**** Source data ****

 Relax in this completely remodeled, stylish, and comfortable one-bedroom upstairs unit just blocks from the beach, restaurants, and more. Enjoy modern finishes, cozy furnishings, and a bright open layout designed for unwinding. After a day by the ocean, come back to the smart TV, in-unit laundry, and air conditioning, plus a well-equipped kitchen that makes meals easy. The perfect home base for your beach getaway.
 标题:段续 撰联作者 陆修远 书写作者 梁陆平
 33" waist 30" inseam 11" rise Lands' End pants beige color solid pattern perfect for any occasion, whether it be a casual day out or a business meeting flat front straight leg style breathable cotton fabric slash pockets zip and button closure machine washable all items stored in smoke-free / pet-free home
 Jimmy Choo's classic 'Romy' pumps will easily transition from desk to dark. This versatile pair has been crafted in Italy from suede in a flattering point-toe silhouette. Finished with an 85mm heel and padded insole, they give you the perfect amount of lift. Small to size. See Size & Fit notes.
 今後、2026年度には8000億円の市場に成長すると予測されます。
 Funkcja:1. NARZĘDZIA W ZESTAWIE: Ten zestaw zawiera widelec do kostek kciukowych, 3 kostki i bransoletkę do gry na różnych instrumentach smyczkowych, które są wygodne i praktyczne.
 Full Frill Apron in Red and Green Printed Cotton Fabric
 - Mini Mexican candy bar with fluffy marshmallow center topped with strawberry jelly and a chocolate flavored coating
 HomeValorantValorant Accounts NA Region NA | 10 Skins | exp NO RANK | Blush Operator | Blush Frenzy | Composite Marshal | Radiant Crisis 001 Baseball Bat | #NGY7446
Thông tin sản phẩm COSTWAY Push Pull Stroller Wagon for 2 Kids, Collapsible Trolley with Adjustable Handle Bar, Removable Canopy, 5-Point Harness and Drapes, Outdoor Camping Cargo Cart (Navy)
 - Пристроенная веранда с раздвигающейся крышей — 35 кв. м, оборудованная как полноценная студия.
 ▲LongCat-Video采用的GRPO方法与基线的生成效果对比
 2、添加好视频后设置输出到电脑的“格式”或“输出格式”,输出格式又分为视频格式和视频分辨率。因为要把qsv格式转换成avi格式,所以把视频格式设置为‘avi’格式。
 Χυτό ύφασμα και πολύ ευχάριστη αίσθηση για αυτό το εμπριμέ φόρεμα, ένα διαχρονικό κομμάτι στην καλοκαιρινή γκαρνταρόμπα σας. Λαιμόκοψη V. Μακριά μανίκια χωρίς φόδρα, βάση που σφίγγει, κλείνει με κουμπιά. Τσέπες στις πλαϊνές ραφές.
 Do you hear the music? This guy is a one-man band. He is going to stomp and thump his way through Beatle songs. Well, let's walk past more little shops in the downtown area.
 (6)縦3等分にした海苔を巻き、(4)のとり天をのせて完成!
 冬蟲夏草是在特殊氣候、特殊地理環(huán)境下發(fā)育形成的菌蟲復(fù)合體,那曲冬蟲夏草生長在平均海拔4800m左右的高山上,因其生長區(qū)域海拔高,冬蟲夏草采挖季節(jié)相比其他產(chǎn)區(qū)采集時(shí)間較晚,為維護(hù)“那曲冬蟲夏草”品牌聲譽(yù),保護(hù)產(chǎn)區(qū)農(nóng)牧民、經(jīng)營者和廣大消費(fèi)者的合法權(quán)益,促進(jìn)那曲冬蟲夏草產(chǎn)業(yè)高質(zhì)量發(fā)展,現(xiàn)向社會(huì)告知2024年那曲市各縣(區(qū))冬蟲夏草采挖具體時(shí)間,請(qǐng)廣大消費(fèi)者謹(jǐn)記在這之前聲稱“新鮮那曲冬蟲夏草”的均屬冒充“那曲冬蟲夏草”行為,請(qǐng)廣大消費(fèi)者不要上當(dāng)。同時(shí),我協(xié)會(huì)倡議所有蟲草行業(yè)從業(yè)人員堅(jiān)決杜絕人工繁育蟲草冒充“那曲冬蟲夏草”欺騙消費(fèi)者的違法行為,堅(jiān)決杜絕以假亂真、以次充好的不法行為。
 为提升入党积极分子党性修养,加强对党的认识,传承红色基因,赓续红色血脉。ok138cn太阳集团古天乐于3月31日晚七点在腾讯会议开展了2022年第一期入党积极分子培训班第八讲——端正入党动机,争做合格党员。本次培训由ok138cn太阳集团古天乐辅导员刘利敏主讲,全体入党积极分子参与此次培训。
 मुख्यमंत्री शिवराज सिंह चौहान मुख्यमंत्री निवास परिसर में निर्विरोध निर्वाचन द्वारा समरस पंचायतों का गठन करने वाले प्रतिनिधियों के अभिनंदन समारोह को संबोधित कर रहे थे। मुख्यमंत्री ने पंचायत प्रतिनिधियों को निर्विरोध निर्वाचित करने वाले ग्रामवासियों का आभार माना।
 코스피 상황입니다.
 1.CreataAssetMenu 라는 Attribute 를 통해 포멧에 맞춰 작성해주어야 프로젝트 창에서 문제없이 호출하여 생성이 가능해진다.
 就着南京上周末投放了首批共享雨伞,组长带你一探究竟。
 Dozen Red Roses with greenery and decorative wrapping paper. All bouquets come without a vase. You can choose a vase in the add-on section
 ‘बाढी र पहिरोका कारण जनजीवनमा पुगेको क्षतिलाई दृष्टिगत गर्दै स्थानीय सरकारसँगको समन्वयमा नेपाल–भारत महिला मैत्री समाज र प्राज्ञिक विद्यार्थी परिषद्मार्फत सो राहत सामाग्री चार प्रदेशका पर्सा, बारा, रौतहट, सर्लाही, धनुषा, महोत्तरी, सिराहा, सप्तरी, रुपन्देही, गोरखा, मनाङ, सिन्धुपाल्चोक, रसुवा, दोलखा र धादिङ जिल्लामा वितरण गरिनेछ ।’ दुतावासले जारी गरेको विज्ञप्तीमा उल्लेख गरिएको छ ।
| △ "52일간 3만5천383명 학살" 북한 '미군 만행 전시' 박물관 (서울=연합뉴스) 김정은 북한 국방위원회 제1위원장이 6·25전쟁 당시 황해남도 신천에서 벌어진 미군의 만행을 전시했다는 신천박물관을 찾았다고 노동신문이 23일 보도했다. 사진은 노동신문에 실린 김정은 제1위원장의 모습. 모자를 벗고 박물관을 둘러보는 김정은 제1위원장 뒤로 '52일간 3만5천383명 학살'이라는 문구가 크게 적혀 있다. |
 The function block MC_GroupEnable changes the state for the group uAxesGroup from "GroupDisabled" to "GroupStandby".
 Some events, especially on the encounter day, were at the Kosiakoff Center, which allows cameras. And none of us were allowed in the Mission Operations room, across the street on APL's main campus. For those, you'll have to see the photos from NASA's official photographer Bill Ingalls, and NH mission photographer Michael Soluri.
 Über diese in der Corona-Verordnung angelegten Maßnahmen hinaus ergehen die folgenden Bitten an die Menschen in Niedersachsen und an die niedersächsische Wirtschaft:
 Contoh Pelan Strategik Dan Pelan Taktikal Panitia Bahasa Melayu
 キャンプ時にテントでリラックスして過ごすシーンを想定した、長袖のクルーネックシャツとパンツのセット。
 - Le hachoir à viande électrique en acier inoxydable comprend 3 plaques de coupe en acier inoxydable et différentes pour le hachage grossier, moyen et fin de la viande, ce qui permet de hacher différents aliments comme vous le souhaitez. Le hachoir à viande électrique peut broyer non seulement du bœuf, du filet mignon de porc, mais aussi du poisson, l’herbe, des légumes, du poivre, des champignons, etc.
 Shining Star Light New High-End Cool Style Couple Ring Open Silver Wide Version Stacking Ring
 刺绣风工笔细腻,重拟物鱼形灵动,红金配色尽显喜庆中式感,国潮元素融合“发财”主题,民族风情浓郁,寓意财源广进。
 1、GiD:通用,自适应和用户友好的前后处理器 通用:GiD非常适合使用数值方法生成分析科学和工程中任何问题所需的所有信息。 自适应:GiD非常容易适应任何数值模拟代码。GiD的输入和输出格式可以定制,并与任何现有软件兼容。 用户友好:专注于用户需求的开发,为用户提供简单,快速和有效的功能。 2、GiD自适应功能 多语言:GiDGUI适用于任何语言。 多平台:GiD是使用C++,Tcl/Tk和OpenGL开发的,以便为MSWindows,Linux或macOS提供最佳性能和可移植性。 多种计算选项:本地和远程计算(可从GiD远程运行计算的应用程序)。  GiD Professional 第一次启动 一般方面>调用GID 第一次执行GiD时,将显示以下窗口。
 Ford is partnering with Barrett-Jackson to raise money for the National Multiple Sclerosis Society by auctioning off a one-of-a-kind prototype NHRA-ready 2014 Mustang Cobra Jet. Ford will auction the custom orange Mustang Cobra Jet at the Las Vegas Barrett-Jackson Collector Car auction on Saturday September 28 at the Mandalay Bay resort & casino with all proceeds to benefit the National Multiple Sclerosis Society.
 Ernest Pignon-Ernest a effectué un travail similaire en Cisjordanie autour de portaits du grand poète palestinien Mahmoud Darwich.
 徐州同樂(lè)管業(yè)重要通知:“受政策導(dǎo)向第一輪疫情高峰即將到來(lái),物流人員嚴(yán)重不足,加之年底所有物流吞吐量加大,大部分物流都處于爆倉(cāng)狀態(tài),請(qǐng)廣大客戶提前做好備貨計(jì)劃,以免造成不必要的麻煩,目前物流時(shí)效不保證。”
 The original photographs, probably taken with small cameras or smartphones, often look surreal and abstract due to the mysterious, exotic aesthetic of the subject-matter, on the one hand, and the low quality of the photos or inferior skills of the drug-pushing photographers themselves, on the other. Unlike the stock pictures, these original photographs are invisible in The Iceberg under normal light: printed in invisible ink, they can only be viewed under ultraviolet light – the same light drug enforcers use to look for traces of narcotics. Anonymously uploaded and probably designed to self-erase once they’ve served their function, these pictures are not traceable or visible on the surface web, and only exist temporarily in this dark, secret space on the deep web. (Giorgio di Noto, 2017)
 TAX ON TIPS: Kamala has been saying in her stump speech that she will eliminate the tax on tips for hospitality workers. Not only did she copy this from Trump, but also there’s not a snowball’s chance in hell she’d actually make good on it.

****

* Work required:
Looking at the data above, write out exactly the lines that start at the one containing "- Le hachoir" and end at the one containing "徐州同樂(lè)管業(yè)"; include both and nothing beyond.

* Result of the exercise:
 - Le hachoir à viande électrique en acier inoxydable comprend 3 plaques de coupe en acier inoxydable et différentes pour le hachage grossier, moyen et fin de la viande, ce qui permet de hacher différents aliments comme vous le souhaitez. Le hachoir à viande électrique peut broyer non seulement du bœuf, du filet mignon de porc, mais aussi du poisson, l’herbe, des légumes, du poivre, des champignons, etc.
 Shining Star Light New High-End Cool Style Couple Ring Open Silver Wide Version Stacking Ring
 刺绣风工笔细腻,重拟物鱼形灵动,红金配色尽显喜庆中式感,国潮元素融合“发财”主题,民族风情浓郁,寓意财源广进。
 1、GiD:通用,自适应和用户友好的前后处理器 通用:GiD非常适合使用数值方法生成分析科学和工程中任何问题所需的所有信息。 自适应:GiD非常容易适应任何数值模拟代码。GiD的输入和输出格式可以定制,并与任何现有软件兼容。 用户友好:专注于用户需求的开发,为用户提供简单,快速和有效的功能。 2、GiD自适应功能 多语言:GiDGUI适用于任何语言。 多平台:GiD是使用C++,Tcl/Tk和OpenGL开发的,以便为MSWindows,Linux或macOS提供最佳性能和可移植性。 多种计算选项:本地和远程计算(可从GiD远程运行计算的应用程序)。  GiD Professional 第一次启动 一般方面>调用GID 第一次执行GiD时,将显示以下窗口。
 Ford is partnering with Barrett-Jackson to raise money for the National Multiple Sclerosis Society by auctioning off a one-of-a-kind prototype NHRA-ready 2014 Mustang Cobra Jet. Ford will auction the custom orange Mustang Cobra Jet at the Las Vegas Barrett-Jackson Collector Car auction on Saturday September 28 at the Mandalay Bay resort & casino with all proceeds to benefit the National Multiple Sclerosis Society.
 Ernest Pignon-Ernest a effectué un travail similaire en Cisjordanie autour de portaits du grand poète palestinien Mahmoud Darwich.
 徐州同樂(lè)管業(yè)重要通知:“受政策導(dǎo)向第一輪疫情高峰即將到來(lái),物流人員嚴(yán)重不足,加之年底所有物流吞吐量加大,大部分物流都處于爆倉(cāng)狀態(tài),請(qǐng)廣大客戶提前做好備貨計(jì)劃,以免造成不必要的麻煩,目前物流時(shí)效不保證。”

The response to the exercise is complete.